There have been a lot more posts on this blog talking about homosexuality than there was in the past. I never intended this blog to pick up a particular theme. I mean I did promise gratuitous Latin, symbolic logic and Popery (and I hope that on this note, everyone does realize that even though I am working towards a fancy theological degree, I’m just some guy and everything I say should be taken with a good dose of salt – look for catechesis elsewhere), and at least one of those categories have been fulfilled. But anyway, it does seem to be becoming a more regularly dissected topic.
Part of this is because in recent months I’ve just been more at peace with this aspect of my life than I have previously. I’ve also given a lot of thought about the extent to which a Catholic should be open about issues pertaining to their sexuality.
About a year and a half ago I was talking with a fellow convert asked me how, after my conversion, my attitude towards women had changed. I decided to come out to him, and that provoked a whole lot of awkward questions. But at the end of it all, he said that it made it easier for him to believe, knowing that there was someone like me who was committed to following the sexual ethic of the Church, and was content with that.
It seems to me that however articulately you present the Church’s teachings on sex, many people will have a tough time taking it, because it does seem to make impossible demands of some people, and part of that perception comes from the fact that they can’t point to anyone in their lives living it out. We know people who were raised religious, burned out, and found happiness with a partner. We hear a lot of stories about how Christian experience became associated with self-loathing, people feeling that they couldn’t be loved by God (or their family) unless they were straight, etc. In short, it feels akin to a world where we’re only getting our info about marriage from people who are divorced (which isn’t too far from the truth, actually).

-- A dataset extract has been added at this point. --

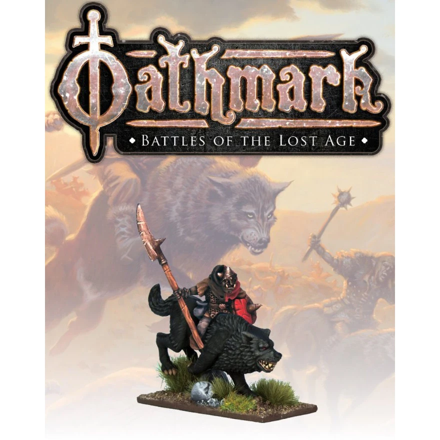 Goblin champion mounted on giant wolf.

So, at the risk of catching some flack, I don’t mind being that chaste SSA/gay/whatever your term of choice guy, whom people can look to for the other side of the story. I doubt I’ll change anyone’s mind, but if this gets some people to view the Church in a more sympathetic light, or if it gives someone consolation, then I guess I’ve done something. On that note, during my conversion I didn’t know anyone who had done what I was doing, and it was helpful to stumble across various bloggers who were in the same boat as me – so I feel like I should return the favor.
I think we can’t afford to be too tight-lipped about it, because the surrounding culture is anything but. My guess is that for a lot of people raised in the Church, the first time they heard any frank talk about same-sex attraction was from the LGBTQ community. That can give the impression that there is a bit of a gap in the Church’s thought here – that she never gave the issue much serious consideration and so as a result frothing hate filled in the gap.
As an addendum, I’ve been trying to think more about the question of identity. I do think that the implicit claim I made in my second conversion post – that anyone who self identifies as gay is making an idol of their sexuality – is a bit extreme. I recognize that for a lot of people, same-sex attracted/gay/homosexual are more or less synonymous. I still feel that, on an ontological level, there are no straight and gay people, and that that dichotomy doesn’t always do a good job at covering what is a very wide spectrum of experiences, but I don’t feel the need to be that hardline about it.
I think the extent to which these labels can hurt/help depends on who we’re talking about. For someone like me, “I have same-sex attraction” vs. “I am gay” is not going to have much of an effect on my life. I’m not stuck in any sort of identity crisis over what I am – it’s more that the words I choose to use may effect how other people perceive me. But if you have a teenager who is struggling through the usual sexual confusion, I can see how all this bombardment with labeling can be unhelpful, and how coming to terms with same-sex attraction gets conflated with coming to terms with all the cultural ideas surrounding “being gay”. It’s difficult to avoid either being unnecessarily alienating, and unnecessarily worldly with things like this.